Note that clients might advertise support of cipher suites that are prohibited in order to allow for connection to servers that do not support HTTP/2. This allows servers to select HTTP/1.1 with a cipher suite that is prohibited in HTTP/2. However, this can result in HTTP/2 being negotiated with a prohibited cipher suite if the application protocol and cipher suite are independently selected.

Conclusion

At this point, we have a clear understanding of what is happening. The second computer can’t access the website because the client connects with TLS 1.2, the server is configured to prefer “bad” cipher suites for TLS 1.2, and the client and server are trying to complete the web request over HTTP/2, which doesn’t allow the “bad” cipher suites. So how would we fix access for someone who wouldn’t be able to run their browser with additional command-line arguments?

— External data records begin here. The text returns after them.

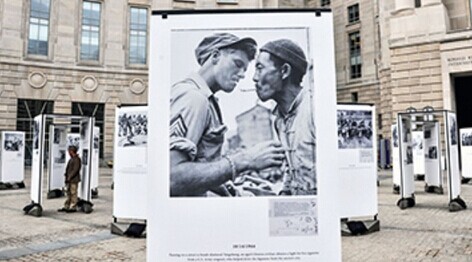 2014年10月15日,“国家记忆:二战中的中美合作”照片展在美国华盛顿里根大厦外展出。这些珍贵的老照片曾长期尘封在美国国家档案馆,由章 东磐等中国学者重新发现。(本刊记者 温宪 摄)(人民网)
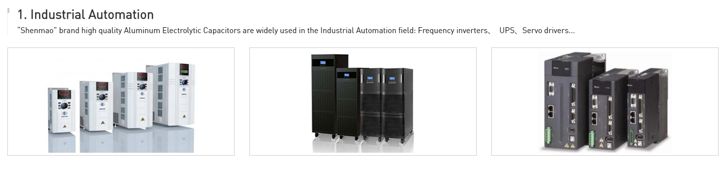 "Shenmao" Capacitors are widely used in the Automazione industriale, telecomunicazioni, elettronica di consumo, attrezzature di sollevamento, elettrodomestici, trasporti, nuove energie, ecc.
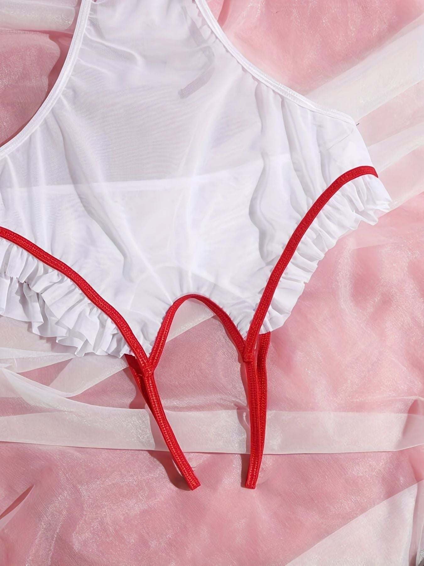 Sweet Nurses Uniform Sexy Seduction Mesh Open One Piece Sexy Lingerie Women
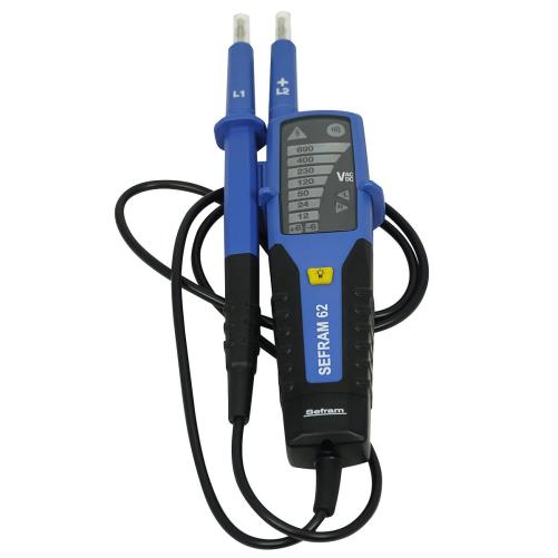 Le détecteur de tension et testeur de continuité SEFRAM62 conforme à la norme CEI 61243-3 permet de contrôler l'absence de tension pour la sécurisation des installations. Ses pointes de touches IP2X permettent à l'utilisateur de rester en sécurité lors des tests.
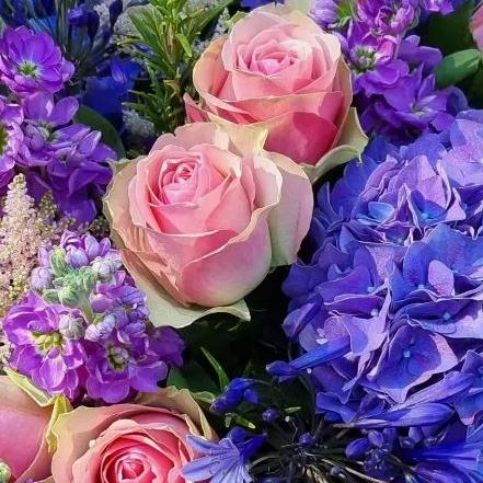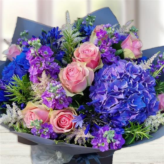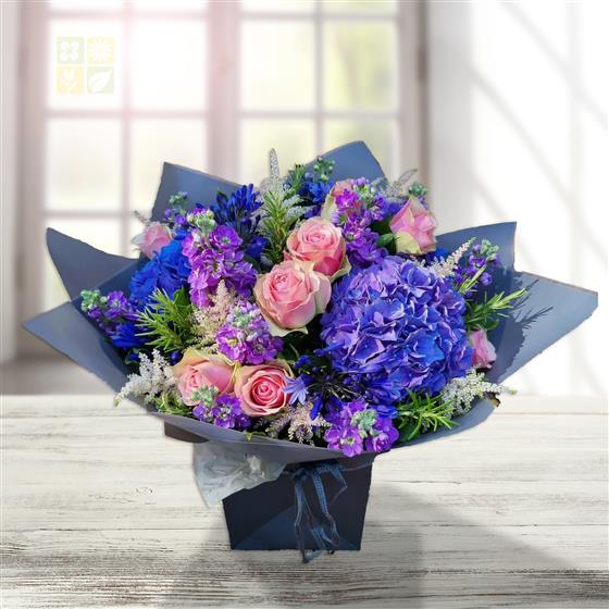 Blue Velvet Celebration dazzles with vibrant blue hydrangeas, blush-pink roses, purple stock, striking blue agapanthus, delicate astilbe, and aromatic rosemary. Elegantly arranged in a chic gift box, it’s the perfect way to celebrate any joyous occasion in style.
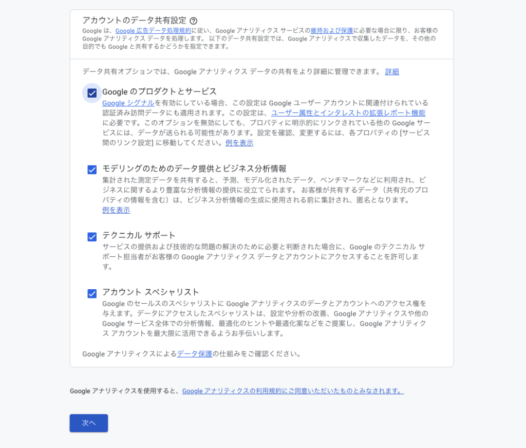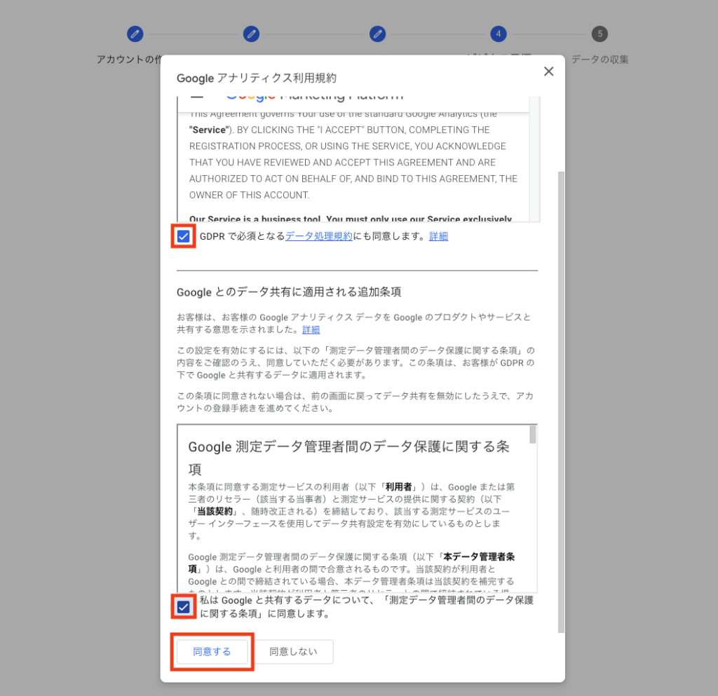 「Googleアナリティクス利用規約」と「Googleとのデータ共有に適用される追加条項」をしっかりと読んで、各同意項目にチェックを入れると「同意する」がクリックできるようになります。

Obviously, the best solution would be for the website owner to reconfigure the website’s supported TLS 1.2 cipher suites, but that’s outside of our control. However, the entire issue is caused by the SSL inspection solution mandating TLS 1.2 and the web server’s preferred TLS 1.2 cipher suites being “bad”. By modifying the SSL inspection solution to allow TLS 1.3 connections to the web server, it would be possible to securely connect over TLS 1.3 and avoid the TLS 1.2 misconfiguration. If the TLS 1.3 configuration would have also preferred “bad” cipher suites, another option would have been to configure the ssl inspection solution to strip the ALPN header and prevent upgrading the connection to HTTP/2. Then, because the connection would have been limited to HTTP/1.1, the browser would not terminate the TLS 1.2 connections because of the insecure cipher suite being used.

Thanks for reading along, I hope you enjoyed going down this rabbit hole as much as I did.